Conversely, you control what shows up on your own private CDN, like CloudFront. Sure, there may be downside outside of your control, but nobody is going to be able to alter the resources there without your permission.
> Conversely, you control what shows up on your own
> private CDN, like CloudFront. Sure, there may be
> downside outside of your control, but nobody is going
> to be able to alter the resources there without your
> permission.
Well, CloudFront could, since they control the machines that your users are connecting to.
I don't want to imply that you personally shouldn't use a CDN, but the page you linked to loads 43 files.
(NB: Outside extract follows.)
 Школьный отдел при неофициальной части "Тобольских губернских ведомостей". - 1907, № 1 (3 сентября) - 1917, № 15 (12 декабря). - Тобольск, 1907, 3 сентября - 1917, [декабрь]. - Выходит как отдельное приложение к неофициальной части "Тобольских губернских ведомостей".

If you consolidated, removed links to or inlined some of them, the difference with and without CDN would likely to be much smaller.
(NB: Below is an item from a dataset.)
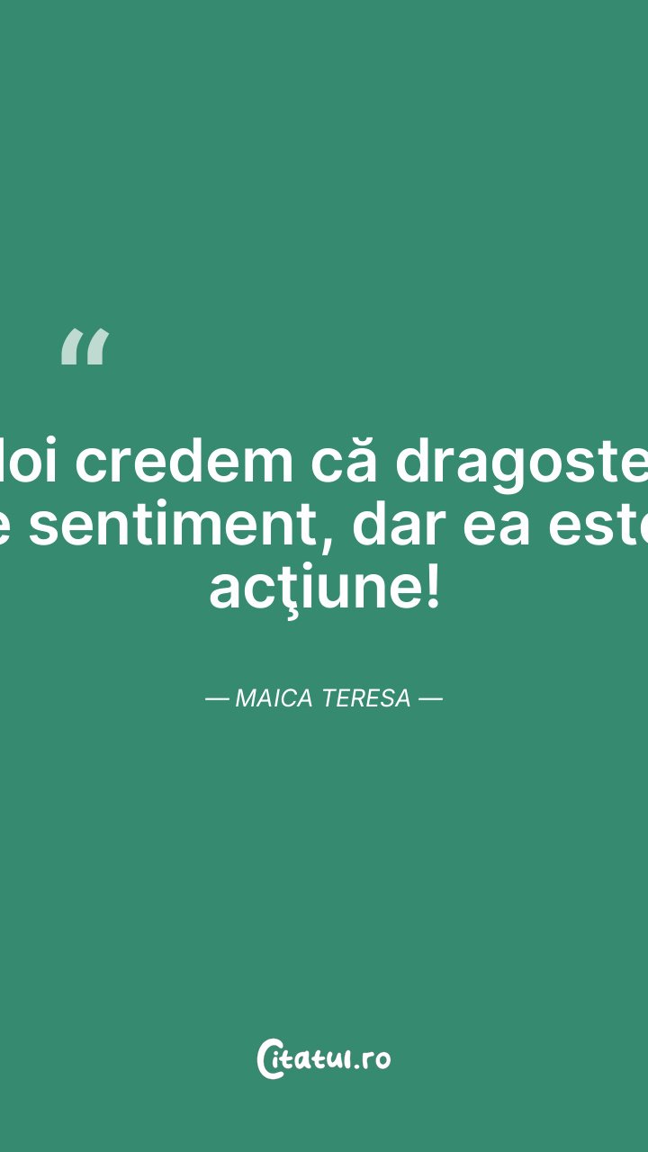 Noi credem că dragostea e sentiment, dar ea este acţiune! Maica Teresa

Actually the core StartHQ app is less than 10 files: the libraries and application each have their own JS and CSS files, then there's Font Awesome and a couple of images loaded by Bootstrap. The rest is one third party analytics JS file & iframes for social media sharing buttons, which don't block page rendering and we don't have control over.
Isn't the concern of downtime and hacking only relevant if you have reason to believe that they are more likely to happen with the CDN than with your own servers?
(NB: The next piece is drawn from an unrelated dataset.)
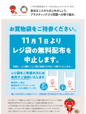 大阪いずみ市民生協では、レジ袋辞退者に2円の値引きを実施したり、オリジナルエコバッグを新規加入者に無料配布するなど、マイバック持参運動をすすめてまいりましたが、11月1日より堺市域のコープのお店についてはレジ値引きを終了し、レジ袋については3円<サイズ大>・5円<サイズ特大>の有料方式に変更します。また、他地域のコープのお店についても、同方式に変更する準備をすすめています。

If you host some stuff on server 1 and some stuff on server 2, and you need both to function, then you have two points of failures.
reply
This is kind of a simple argument, increasing the number of "points of failure" doesn't, or shouldn't increase your odds of "failing" more. Adding cache layers and CDNs may add "servers" to your architecture but should also be done in way to reduce overall downtime.
Increasing the number of points of failure absolutely does increase the chances of failure, even if each 'point' is more reliable. 1 server with a 98% uptime is more reliable than 5 servers with a 99% uptime, if all 5 have to be working for everything to 'work'.
While I mostly agree with what you're saying... The truth is, why worry about Google getting hacked and having the attacker modify their CDN version of jQuery (or leaking user behaviour and identity), when I'm already letting them load unknown (to me) code in ga.js?
To me, there's a trade-off I've chosen, and while I'm not 100% comfortable with having the availability of my site depend on Google - "repugnant" is _way_ to strong a word to describe the downside to the pragmatic choice I've made.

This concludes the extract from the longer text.